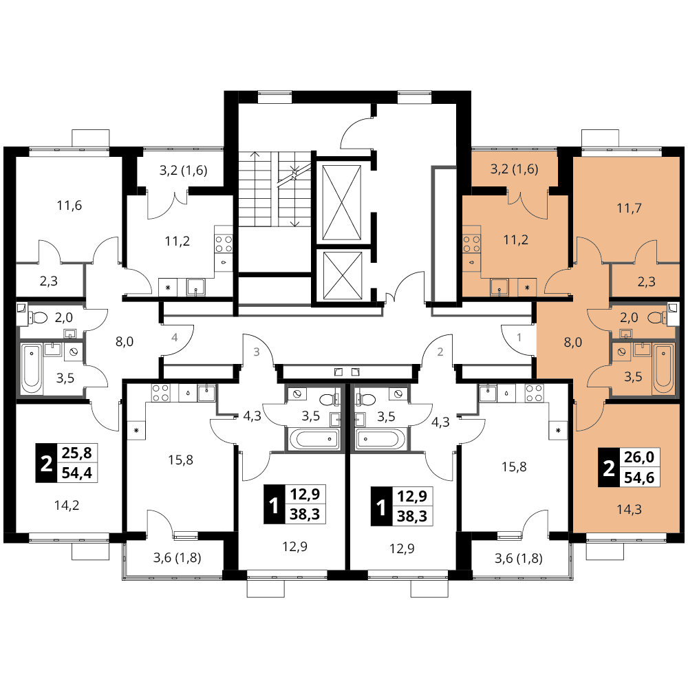 54 м²
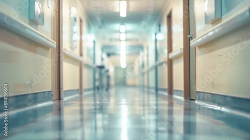 Blurred hospital or clinic corridor background with modern medical equipment and clean design for healthcare and scientific research concepts
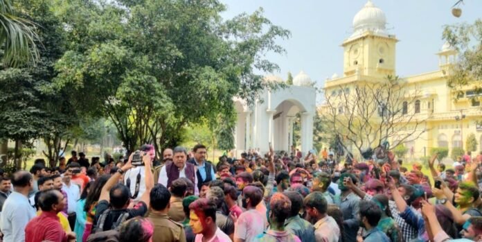 लखनऊ विश्वविद्यालय में होली जोर शोर से चल रही है । आज पूरा दिन विश्वविद्यालय प्रांगण रंगों से नहाया हुआ दिख रहा था । जगह जगह पर होली के कार्यक्रम आयोजित किये जा रहे हैं । उसी कड़ी में आज छात्र कल्याण विभाग व सांस्कृतिकी ने एक सामूहिक आयोजन किया । कार्यक्रम का आयोजन मालवीय भवन के सामने खुले प्रांगण में किया गया कार्यक्रम के मुख्य अतिथि के रूप में कुलपति महोदय उपस्थित रहे साथ ही साथ प्रो पूनम टण्डन अधिष्ठाता छात्र कल्याण विभाग और प्रो राकेश चंद्रा सांस्कृतिकी डायरेक्टर भी उपस्थित रहे ।
##########
(TASK DIRECTIONS): Pictures do not belong in the copy; repeat the rest of the listing exactly.

(EXERCISE ANSWER):
 54 м²
 Blurred hospital or clinic corridor background with modern medical equipment and clean design for healthcare and scientific research concepts
 लखनऊ विश्वविद्यालय में होली जोर शोर से चल रही है । आज पूरा दिन विश्वविद्यालय प्रांगण रंगों से नहाया हुआ दिख रहा था । जगह जगह पर होली के कार्यक्रम आयोजित किये जा रहे हैं । उसी कड़ी में आज छात्र कल्याण विभाग व सांस्कृतिकी ने एक सामूहिक आयोजन किया । कार्यक्रम का आयोजन मालवीय भवन के सामने खुले प्रांगण में किया गया कार्यक्रम के मुख्य अतिथि के रूप में कुलपति महोदय उपस्थित रहे साथ ही साथ प्रो पूनम टण्डन अधिष्ठाता छात्र कल्याण विभाग और प्रो राकेश चंद्रा सांस्कृतिकी डायरेक्टर भी उपस्थित रहे ।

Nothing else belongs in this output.